Regardless of whether a build-up of selfish mutations is the fundamental driver of ageing or just one contributor to it, it means the idea that we will ever halt ageing is nonsense. Sure, we may be able to slow the accumulation of mutations by taking certain drugs and even fix some of them with gene editing, but all such efforts will ultimately prove futile.
Even if body transplants become a reality, the brain will still eventually fail. A study of people who died in accidents found around 1500 mutations in each neuron analysed. There’s just no holding back the great flood of mutations for long.
At least, there’s no way to hold back the flood after we have been conceived. Khamsi notes that “humans are the first living creatures that seek to shape their genetic destinies”, but she doesn’t go on to draw what seems to me the obvious conclusion: that the only way to dramatically extend lifespans is to radically redesign the human genome to massively reduce the mutation rate.
I think this could become feasible. But I wouldn’t describe it as extending human lifespan. To mutate is human. If this is ever done, these new beings will no longer be human.
Three more great books on inheritance and change

Power, Sex, Suicide: Mitochondria and the meaning of life by Nick Lane
Human cells’ energy-generating mitochondria were independent bacteria before their symbiotic union with our ancestors made complex life possible. But as Lane writes, their otherness still shapes our destinies in all kinds of ways.

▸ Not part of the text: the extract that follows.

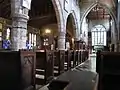The interior features pointed arches on columns and extensive carved woodwork, including the 1877 pews, a 1912 pulpit and a 1915 screen in the St Nicholas chapel.[2][3][1] The black and white flooring is marble, from 1903.[1] The East Window above the altar is stained glass by Morris & Co.. Most of the design is by Edward Burne-Jones, but some panels are by William Morris himself.[1] The organ dates from 1833 by Elliot and Hill, but having been rebuilt three times.[1]

Mutants: On the form, varieties and errors of the human body by Armand Marie Leroi
We are all mutants, Leroi writes. Babies can be born with a single eye in the middle of their head, for example. Sadly, cyclopia is fatal. However, such conditions help us learn about our development.

Old Man’s War by John Scalzi
Is old age always the end? Not in Old Man’s War, an enormously enjoyable science-fiction romp. No spoilers, but I highly recommend it – and, amazingly, the sequels are just as good, if not even better.